Una relazione ispettiva del 1853 descrive le scuole della provincia di Novara come luoghi in condizioni igieniche e ambientali preoccupanti. Le Canobiane, in particolare, erano spesso al centro di articoli nei quali i giornalisti si divertivano a deridere le maestre e a mostrare lo scandalo di locali bui, umidi, angusti e maleodoranti in cui le allieve studiavano “appollajate quasi in una stia oscura”: l’uso di termini adatti a galline, dice molto sull’idea che i giornali avevano dell’istruzione femminile.

Gli spazi deputati all’azione didattica acquisirono un peso sempre più rilevante nel corso dell’Ottocento e la costruzione di scuole divenne il metro sul quale misurare il progresso civile delle amministrazioni pubbliche.

Definito “secolo della scuola”, l’Ottocento vede in tutti i paesi europei il consolidamento dell’istruzione pubblica ma Pasquale Villari non mancava di denunciare quanto l’istruzione femminile fosse trascurata nelle scuole pubbliche italiane, o affidata a convitti ed opere pie sui quali lo stato si limitava ad esercitare una distratta sorveglianza.

L’istruzione femminile irrompe anche nell’iconografia dell’Ottocento mediante la rappresentazione di donne, monache, ragazze che leggono, spesso di nascosto, rivelando così il valore di vera conquista attribuito al “saper leggere”.

Svago, riposo, meditazione, rêverie, trasgressione, preghiera, esperienza condivisa, la lettura femminile rappresentata dalla pittura non si sottrae ai pregiudizi maschili, provenienti non solo da ambienti bigotti, che guardano con estremo sospetto il dipinto di Federico Faruffini: una ragazza di spalle, fuma, il tavolo è in disordine, invece di badare alle faccende domestiche perde tempo a leggere. La tela non fu mai esposta in pubblico perché considerata un esempio di pericolosa sovversione.

Elisabetta di Savoia e Adelaide d’Asburgo, madre e figlia sono state del tutto dimenticate. Il Risorgimento continua a parlare di Patria: la patria è la terra dei padri, qual è la terra dei padri

per queste due donne e cosa significa per loro espressione amor di patria? Per la patria gli uomini combattono e muoiono, per le donne il concetto di patria va rivisto: non è più la terra dei propri padri, ma la terra dei padri del marito, una terra che fino a ieri magari era nemica… si verifica così una sorta di estraniazione delle donne dalla loro origine.

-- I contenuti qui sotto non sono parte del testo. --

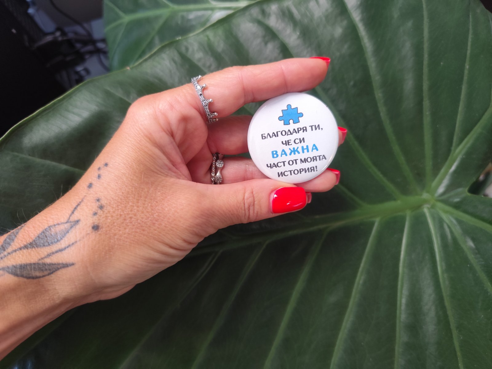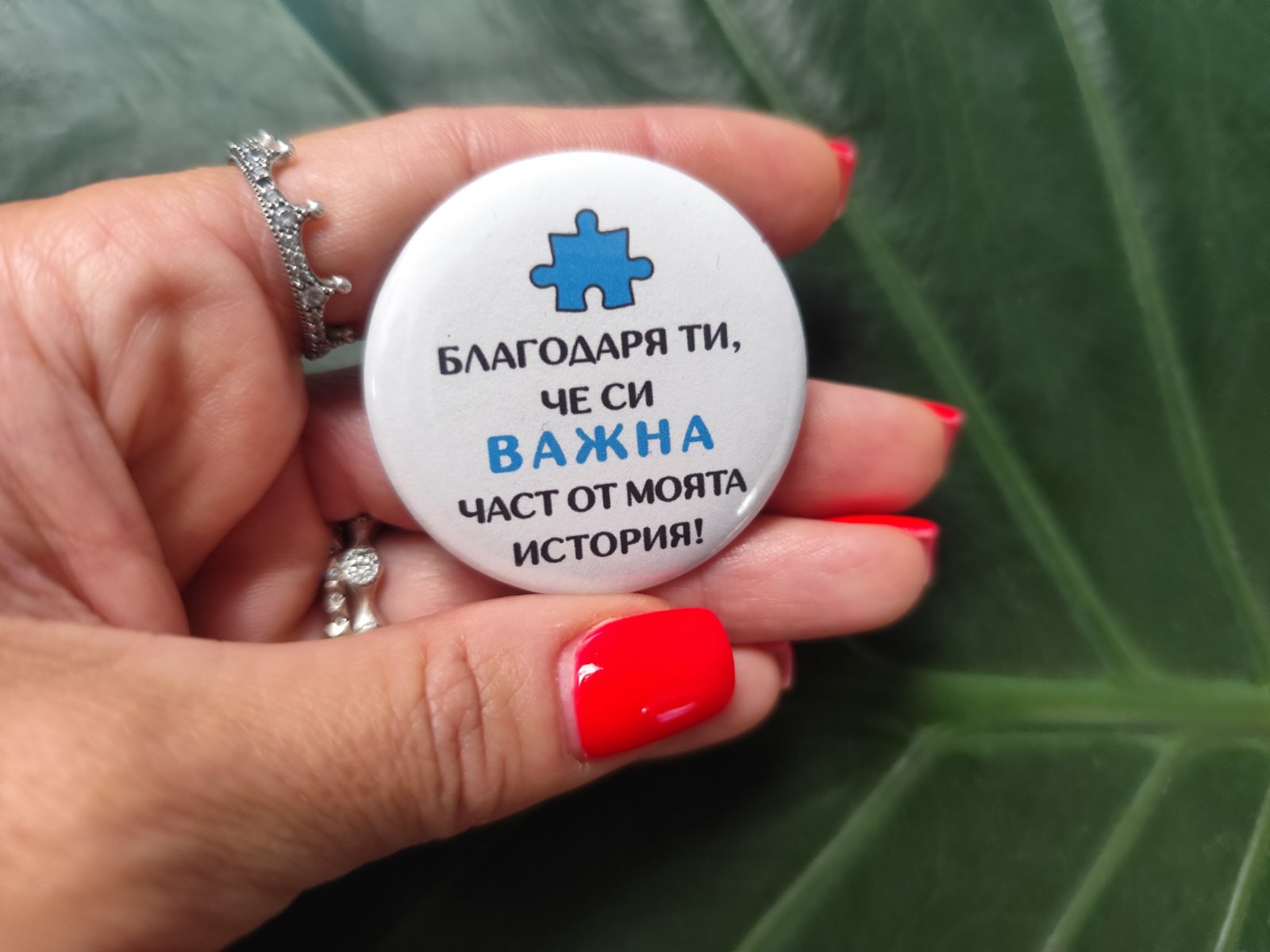 Значка със забавен текст: „Благодаря ти, че си важна част от моята история“.

La patrilocalità è un prodotto del patriarcato: in tempi di pace ha prodotto distacchi e nostalgie più o meno forti, in tempi di guerra ha prodotto lacerazioni drammatiche.

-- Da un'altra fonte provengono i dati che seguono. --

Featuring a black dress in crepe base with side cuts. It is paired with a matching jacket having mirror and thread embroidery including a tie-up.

Non conosco libri di storia che raccontino questo punto di vista: la madre e la figlia sono espropriate delle loro radici ed è stupefacente che anche oggi, quando molti si riempiono la bocca con le radici e l’identità, non ci sia alcuna attenzione per la condizione femminile sradicata: l’Ottocento dà alle donne l’istruzione ma non il diritto alla parola.

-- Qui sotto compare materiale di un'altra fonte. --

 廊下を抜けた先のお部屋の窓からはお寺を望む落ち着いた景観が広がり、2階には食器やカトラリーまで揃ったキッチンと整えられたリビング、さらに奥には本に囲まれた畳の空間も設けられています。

La sollecitudine materna / filiale che compare tra Elisabetta e Adelaide è considerata inutile, la genealogia femminile non ha diritto di cittadinanza e infatti madre e figlia, quando sono ricordate dai libri di storia, sono definite reazionarie perché anziché inneggiare alla guerra si chiedono: che bisogno c’è di una guerra, non potremmo imparare a convivere pacificamente? Elisabetta ed Adelaide erano certamente donne istruite e privilegiate: a cosa è servita la loro istruzione? A nulla direi, la loro parola, la loro voce, è stata ignorata; di queste due donne i libri non parlano se non per elencare il numero di figli che hanno dato al marito.

In pieno Ottocento il principale ruolo femminile è quello di silenziosa fattrice secondo il modello “fornetto” definito da Aristotele e santificato dalla religione di stato come dichiara l’affresco del 1860: «in gremio matris sedet sapientia patris»

Ma l’istruzione femminile ormai era in marcia e si trattava di un percorso irreversibile che ha inevitabilmente coinvolto anche una scuola di impostazione e tradizione maschile come l’Istituto OMAR, sicché sarebbe il momento di trasformare la pur gloriosa «Associazione Omaristi» in una più attuale «Associazione Omariste e Omaristi».